SUPPLIED DATA:
───
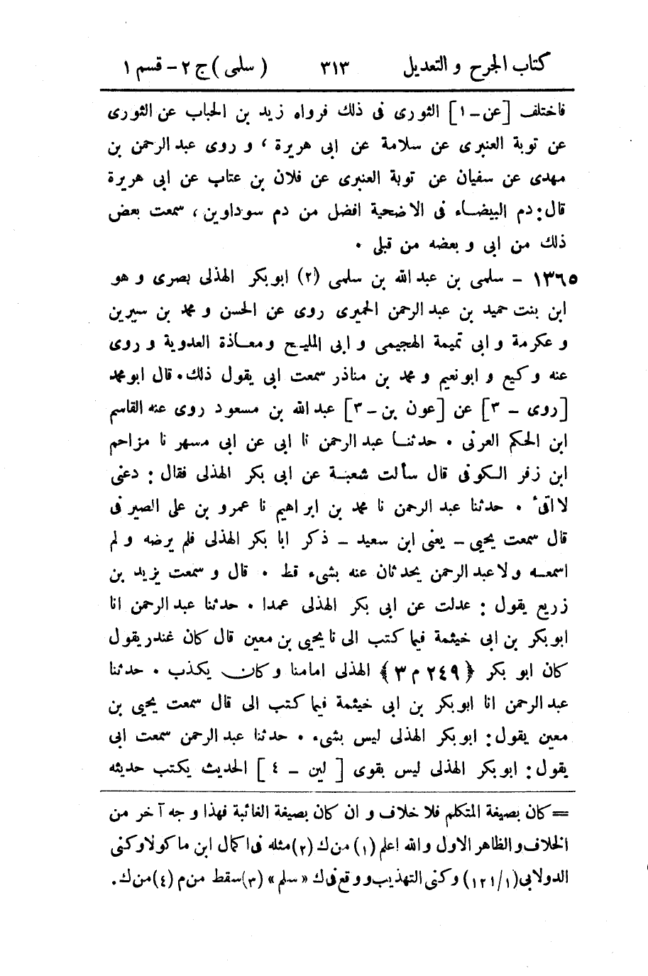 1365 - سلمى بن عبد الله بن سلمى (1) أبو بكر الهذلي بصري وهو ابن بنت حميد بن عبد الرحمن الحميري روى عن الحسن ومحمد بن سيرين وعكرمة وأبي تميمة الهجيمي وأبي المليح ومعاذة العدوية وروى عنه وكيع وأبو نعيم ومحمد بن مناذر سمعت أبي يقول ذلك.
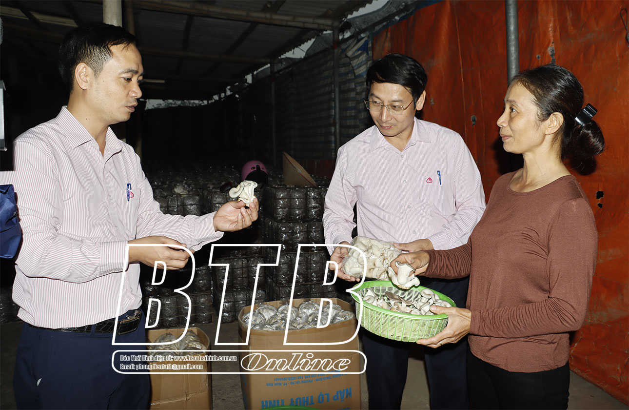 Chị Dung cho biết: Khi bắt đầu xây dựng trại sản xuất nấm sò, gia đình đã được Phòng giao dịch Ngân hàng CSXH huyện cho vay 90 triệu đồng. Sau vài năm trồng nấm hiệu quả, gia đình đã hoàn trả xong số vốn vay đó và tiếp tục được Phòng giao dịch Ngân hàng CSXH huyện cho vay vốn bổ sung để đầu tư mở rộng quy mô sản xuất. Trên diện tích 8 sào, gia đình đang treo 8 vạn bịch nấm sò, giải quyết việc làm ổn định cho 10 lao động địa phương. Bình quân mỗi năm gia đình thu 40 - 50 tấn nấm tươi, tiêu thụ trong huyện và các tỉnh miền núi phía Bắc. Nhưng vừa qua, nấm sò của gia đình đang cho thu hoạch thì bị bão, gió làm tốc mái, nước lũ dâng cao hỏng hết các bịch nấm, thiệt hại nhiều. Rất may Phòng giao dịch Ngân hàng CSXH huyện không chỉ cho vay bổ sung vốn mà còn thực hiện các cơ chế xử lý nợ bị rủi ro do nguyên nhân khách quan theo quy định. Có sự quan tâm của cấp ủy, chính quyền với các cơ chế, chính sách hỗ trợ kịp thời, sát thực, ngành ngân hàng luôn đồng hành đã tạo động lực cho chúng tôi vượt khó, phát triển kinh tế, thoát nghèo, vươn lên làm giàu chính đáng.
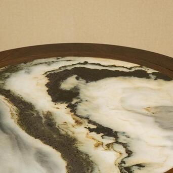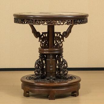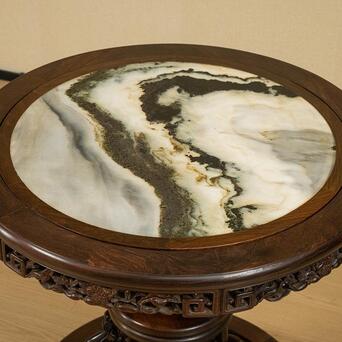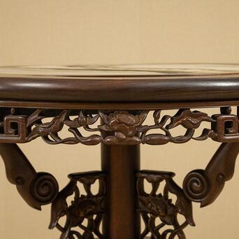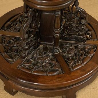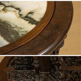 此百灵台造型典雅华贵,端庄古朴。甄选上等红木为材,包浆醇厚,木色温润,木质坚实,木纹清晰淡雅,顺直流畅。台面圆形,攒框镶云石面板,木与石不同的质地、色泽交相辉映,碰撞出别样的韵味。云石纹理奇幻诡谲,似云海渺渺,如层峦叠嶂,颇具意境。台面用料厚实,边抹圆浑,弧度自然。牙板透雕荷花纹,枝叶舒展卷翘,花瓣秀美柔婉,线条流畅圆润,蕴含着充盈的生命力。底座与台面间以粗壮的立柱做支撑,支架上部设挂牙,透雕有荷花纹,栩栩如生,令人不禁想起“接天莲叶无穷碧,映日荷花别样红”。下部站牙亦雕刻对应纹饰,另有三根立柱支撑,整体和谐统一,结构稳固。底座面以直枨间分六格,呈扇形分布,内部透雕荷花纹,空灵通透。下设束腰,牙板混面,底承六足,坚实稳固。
───
DIRECTIONS FOR THIS TASK: A word-for-word repetition of the data above, without pictures, is the expected answer.

EXERCISE RESPONSE:
 1365 - سلمى بن عبد الله بن سلمى (1) أبو بكر الهذلي بصري وهو ابن بنت حميد بن عبد الرحمن الحميري روى عن الحسن ومحمد بن سيرين وعكرمة وأبي تميمة الهجيمي وأبي المليح ومعاذة العدوية وروى عنه وكيع وأبو نعيم ومحمد بن مناذر سمعت أبي يقول ذلك.
 Chị Dung cho biết: Khi bắt đầu xây dựng trại sản xuất nấm sò, gia đình đã được Phòng giao dịch Ngân hàng CSXH huyện cho vay 90 triệu đồng. Sau vài năm trồng nấm hiệu quả, gia đình đã hoàn trả xong số vốn vay đó và tiếp tục được Phòng giao dịch Ngân hàng CSXH huyện cho vay vốn bổ sung để đầu tư mở rộng quy mô sản xuất. Trên diện tích 8 sào, gia đình đang treo 8 vạn bịch nấm sò, giải quyết việc làm ổn định cho 10 lao động địa phương. Bình quân mỗi năm gia đình thu 40 - 50 tấn nấm tươi, tiêu thụ trong huyện và các tỉnh miền núi phía Bắc. Nhưng vừa qua, nấm sò của gia đình đang cho thu hoạch thì bị bão, gió làm tốc mái, nước lũ dâng cao hỏng hết các bịch nấm, thiệt hại nhiều. Rất may Phòng giao dịch Ngân hàng CSXH huyện không chỉ cho vay bổ sung vốn mà còn thực hiện các cơ chế xử lý nợ bị rủi ro do nguyên nhân khách quan theo quy định. Có sự quan tâm của cấp ủy, chính quyền với các cơ chế, chính sách hỗ trợ kịp thời, sát thực, ngành ngân hàng luôn đồng hành đã tạo động lực cho chúng tôi vượt khó, phát triển kinh tế, thoát nghèo, vươn lên làm giàu chính đáng.
 此百灵台造型典雅华贵,端庄古朴。甄选上等红木为材,包浆醇厚,木色温润,木质坚实,木纹清晰淡雅,顺直流畅。台面圆形,攒框镶云石面板,木与石不同的质地、色泽交相辉映,碰撞出别样的韵味。云石纹理奇幻诡谲,似云海渺渺,如层峦叠嶂,颇具意境。台面用料厚实,边抹圆浑,弧度自然。牙板透雕荷花纹,枝叶舒展卷翘,花瓣秀美柔婉,线条流畅圆润,蕴含着充盈的生命力。底座与台面间以粗壮的立柱做支撑,支架上部设挂牙,透雕有荷花纹,栩栩如生,令人不禁想起“接天莲叶无穷碧,映日荷花别样红”。下部站牙亦雕刻对应纹饰,另有三根立柱支撑,整体和谐统一,结构稳固。底座面以直枨间分六格,呈扇形分布,内部透雕荷花纹,空灵通透。下设束腰,牙板混面,底承六足,坚实稳固。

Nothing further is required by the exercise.